19th century Egyptian military and political leader (1234 AH – 17 1300 AH)

'Amir al-Liwa' Ismail Pasha Abu Jabal (إسماعيل باشا أبو جبل) (1819-1818 / 1234 AH – 24 April 1883 / 17 Jumada al-Thani 1300 AH) was an Egyptian military and political leader who lived in the nineteenth century. He participated as a brigade commander in the Crimean War, which the Egyptian army fought alongside the armies of the Ottoman Empire, and then the wāli of Egypt, Sa'id Pasha, assigned him - on Muharram 15, 1272 AH, corresponding to September 27, 1855 AD - to lead the Egyptian armies in the Crimea after Ahmad Pasha al-Munkali was excused due to ill health.

== Upbringing ==
Ismail Haqqi bin Suleiman bin Bakir bin Ahmad was born in the year 1234 AH in the village of Muridi, in the state of Ma'amoura al-Aziz (Elazığ) in Anatolia, and his father was the Kaymakam of his village. His father sent him to Egypt in the year 1248 AH, where he joined the Darsakhana School in the Citadel, where he mastered the Turkish and Persian languages speaking and writing. Then he moved to the military schools in Bujaq al-Nakhila (in Khanka).

== Military career ==
On 4 Safar 1250 AH, he was attached to the 21st Infantry Alai (regiment) (21st Ji Alai Bayada) with the position of Barinji Alamdar, then he was promoted to the rank of first lieutenant in Barinji Orta (battalion) 8 J Block, and was soon promoted to the rank of Yuzbashi Baranji Orta Barinji Block on 6 Dhu al-Qadah. Then he traveled within the forces of Ibrahim Pasha to fight the Wahhabis, and there he was promoted to the rank of Barinji Saghul Aghasi, then he was promoted to the rank of 2nd G Bekbashi after he proved his worth in the battle of Jabal al-Diriyah, then he was promoted to the rank of Barinji Bekbashi (which is equivalent to the rank of Kaymakam) and was appointed commander of a group of soldiers that fought a decisive battle in which Ismail Pasha performed well.
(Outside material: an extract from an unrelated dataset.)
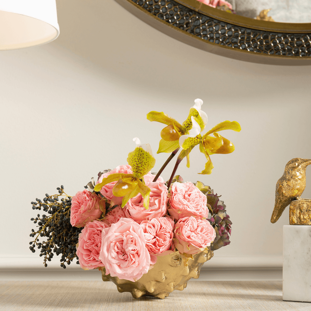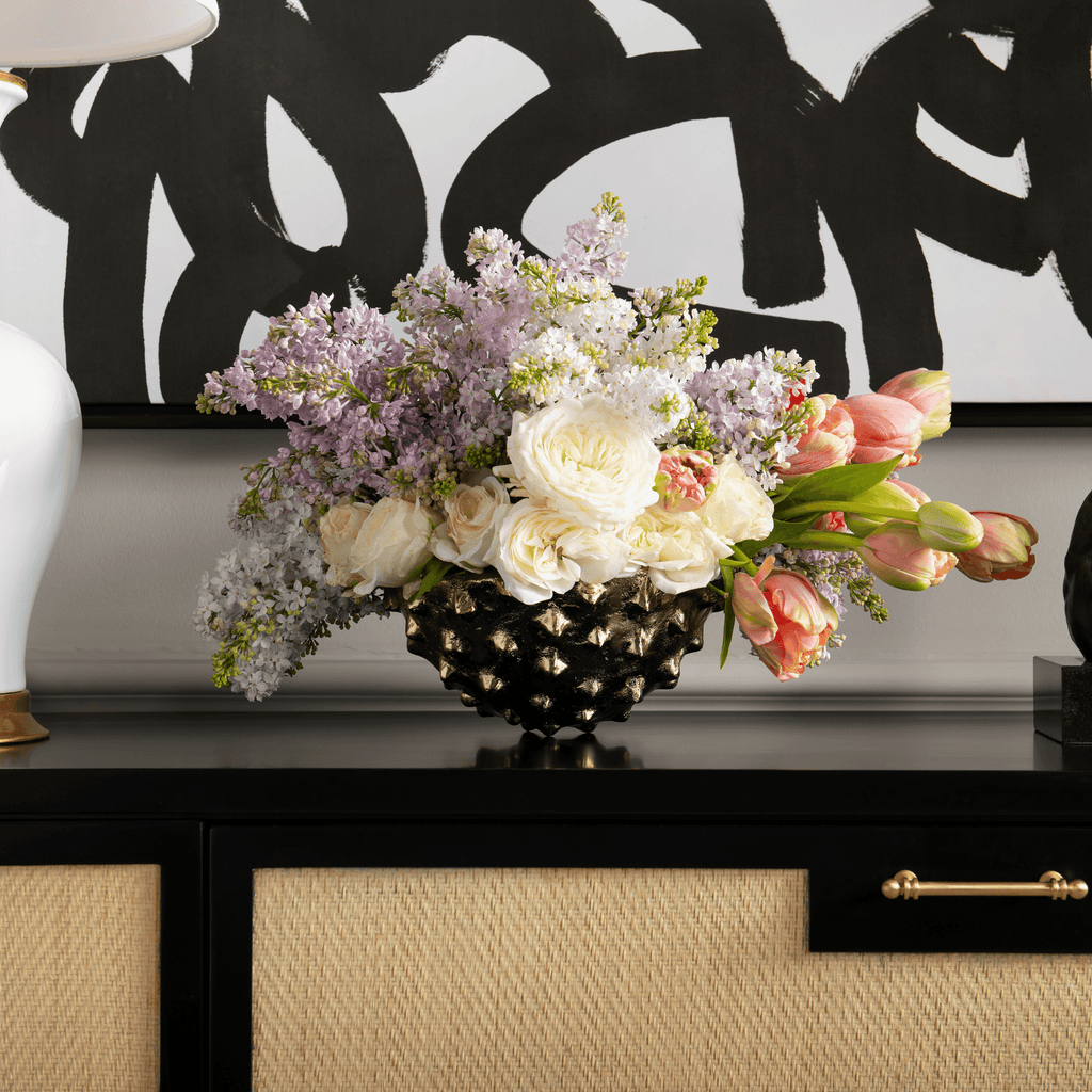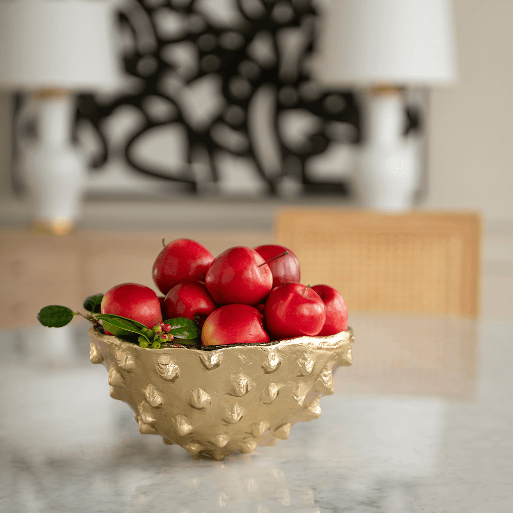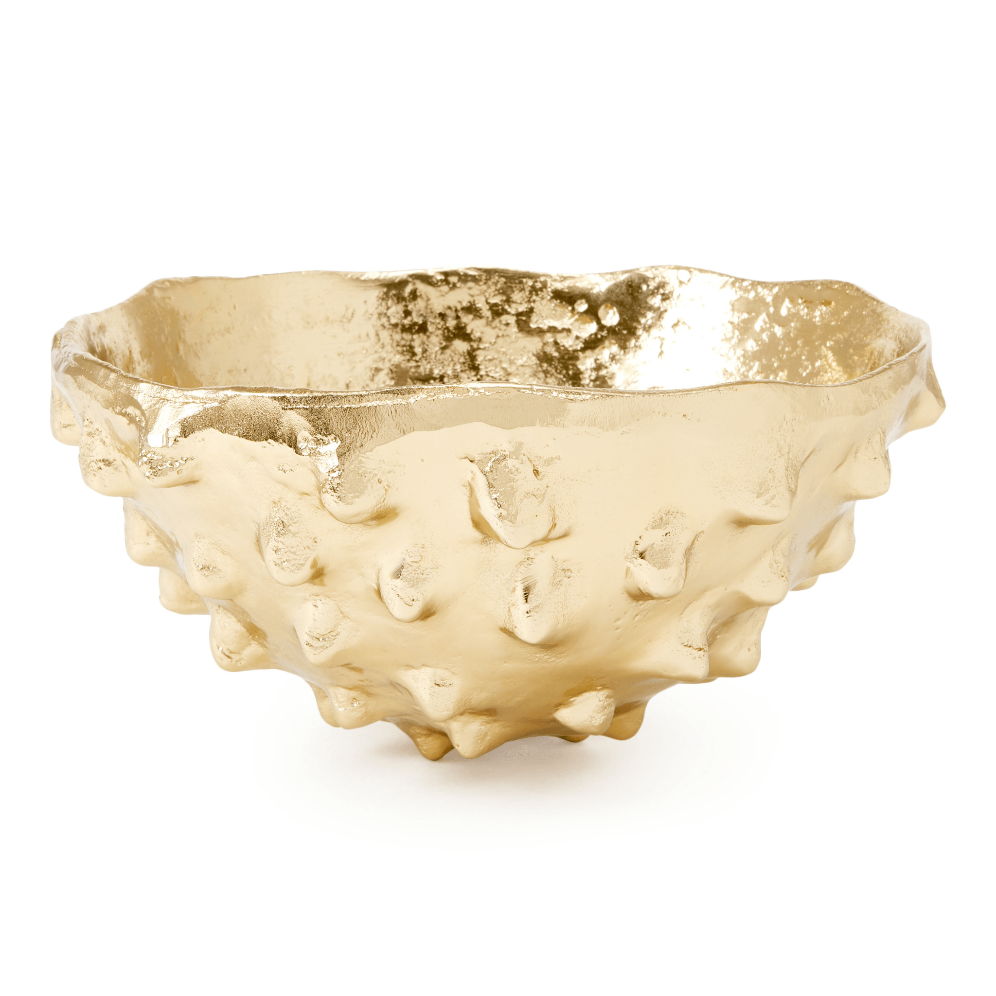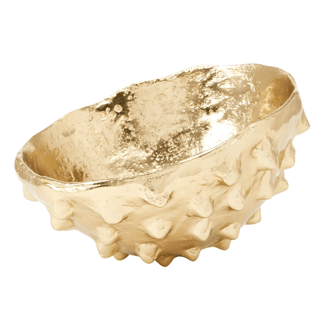 The Kiwano Bowl sparks the imagination and serves as a unique ornament for side tables, consoles, or as a centerpiece. Hand cast in metal with a glittering brass finish, the bowl feels like an otherworldly treasure, though it pulls inspiration from organic shapes and textures. Its exterior is outfitted in an energetic pattern of gilded spurs, an eye-catching adornment that recalls the shell of an exotic animal, and allows the bowl to stand at a range of angles. Evidence of its handcrafted artistry can be found in its imperfect edges and raw interior finish, which together give the piece a truly-one-of-a-kind allure. Use it to display fruit or flowers, or as a striking vessel to drop your keys in an entryway.

After Ismail Pasha returned from Hejaz with the Egyptian expedition, he was granted the rank of Amiralai, and on the seventh of Jumada al-Thani in the year 1266 AH, he was promoted to the rank of Major General, and was entrusted with the command of Alai 3G and Alai 4G Bayada (infantry), then he was appointed Director of the General Directorates of Qena and Esna, then Hakmdar (governor) of Sudan and a commander of its soldiers, then he returned to Egypt and was appointed general of Beringi Alai and 4G Alai Bayada.

When the Crimean War broke out, the Ottoman Empire requested an Egyptian expedition to fight the Russians, so the Egyptian government prepared an army whose commander-in-chief was Ahmad Pasha al-Munkali, and Ismail Pasha Abu Jabal was appointed as a second commandant of three columns of Bayada soldiers, alai of Zarkh cavalry, and a section of Tobgia (artillery) instead of Major General Ahmad Pasha Shukri.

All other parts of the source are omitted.